Across the Bridge tells the story of an impossible love between a poor young man (Chuma) and Caroline the daughter of rich man Kahuthu. Chuma was a houseboy at the Kahuthus household.

One thing leads to the other and Chuma gets Caroline in the family way, a thing that makes Kahuthu livid. Chuma feels the only way of getting acceptance by the Kahuthus, and perhaps getting Caroline’s hand in marriage is through making money of his own. The path he chooses to riches lands him in trouble with authorities and into jail, hence the book’s famous opening: Hail jail the place for all; the only house where a government minister and a pickpocket dine together, work, discuss matters on equal terms.

Gicheru is a man whose life is mirrored in his art. His other book Two in One is based on his experience after his eight-month old daughter was stolen by a house girl, in 1979. The baby was never found. The book tells the story of barren women who steal other people’s children. “… over the years, living without my daughter has taught me that biological parents are but just instruments of bringing a baby to the world,” he told The Standard – then East African Standard – in a 2001 interview.

Perhaps it the experience of losing a daughter to theft that influenced his decision to adopt two girls.

His other books included The Ivory Merchant, The Double and The Mixer. Later in life he wrote a children’s book The Ring in the Bush published by Longhorn. He had, in mid last year, announced that he was in the process of turning Across the Bridge into a movie.

In 2009 Gicheru wrote A Handful of Terere, a post humous biography of Samuel Mbugua Githere.
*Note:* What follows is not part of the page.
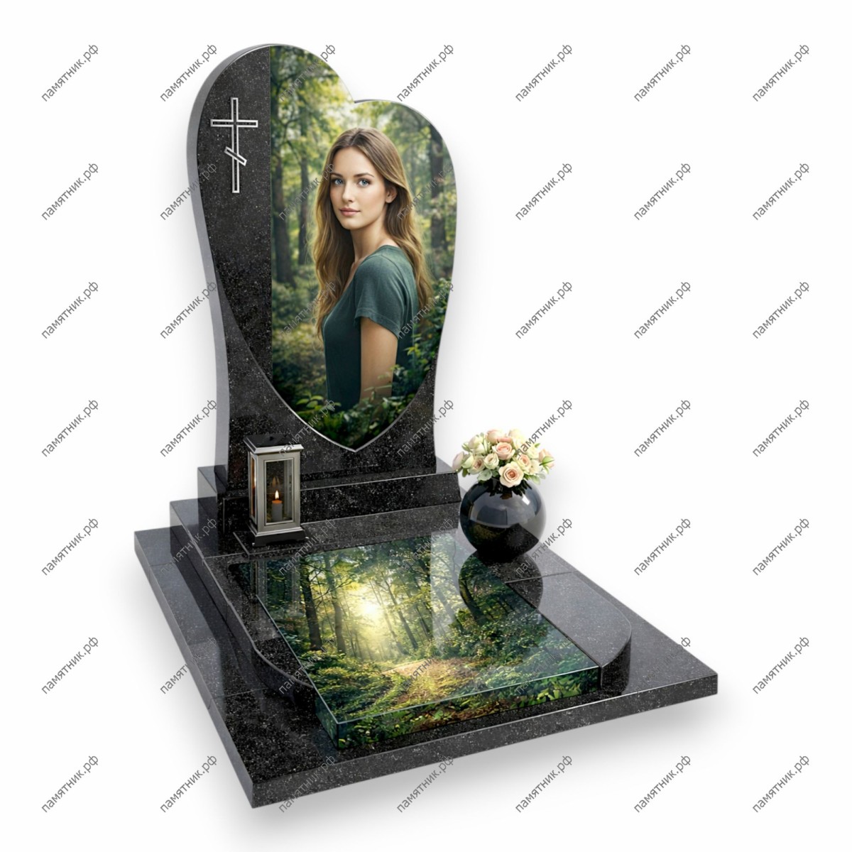 Модель ПС-120 в форме сердца — классический символ любви и вечной памяти. Черная гранитная стела дополнена стеклянным панно в основании, на котором запечатлена тропа в солнечном лесу. Модель выглядит строго и одновременно очень душевно за счет интеграции пейзажа.

In an interview he told this writer that the family of the late Githere asked him to research, compile and write the story of Githere, a prominent Nairobi businessman who had died of a stroke related illness in 1997. Githere had been a contemporary of the late business magnate Njenga Karume and it is him who introduced Njenga into the world of business.

During the launch of the book, at Njenga’s Jacaranda Hotel, Njenga told the gathered audience that he had wanted to continue with his education with a view to becoming a lawyer but Githere prevailed upon him to drop his studies and make money instead. “Githere told me that if we made a lot of money we would hire as many lawyers as we wanted,” said Njenga. That ‘prophecy’ turned true.

Gicheru said that writing Terere – published by Longhorn – was his most challenging assignment as writer but also one that he found immensely satisfying.

At the time of his death Gicheru was the proprietor of Animo Resort in Mtwapa. The joint also hosted Gikuyu and Kiswahili plays some of which he wrote himself. The late Wahome Mutahi used to bring his Gukuyu cultural plays at Gicheru’s establishment.

Gicheru was born in 1947 in Kiamwangi near Karatina, in Nyeri County. He attended Kiamwangi Primary Up to Standard Eight before joining St Mary’s High School also in Nyeri. He briefly worked as a clerk with the Ministry of Lands before joining the then East African Airways. He later left paid employment to start his own business. He spent most of his business life in Mombasa.

He married Nancy Wamuyu 1972. The couple had three biological daughters – including the stolen one – and two adopted daughters. He had two grandchildren. He was buried in his Gakawa Farm in Nanyuki on Tuesday, May 13, 2014.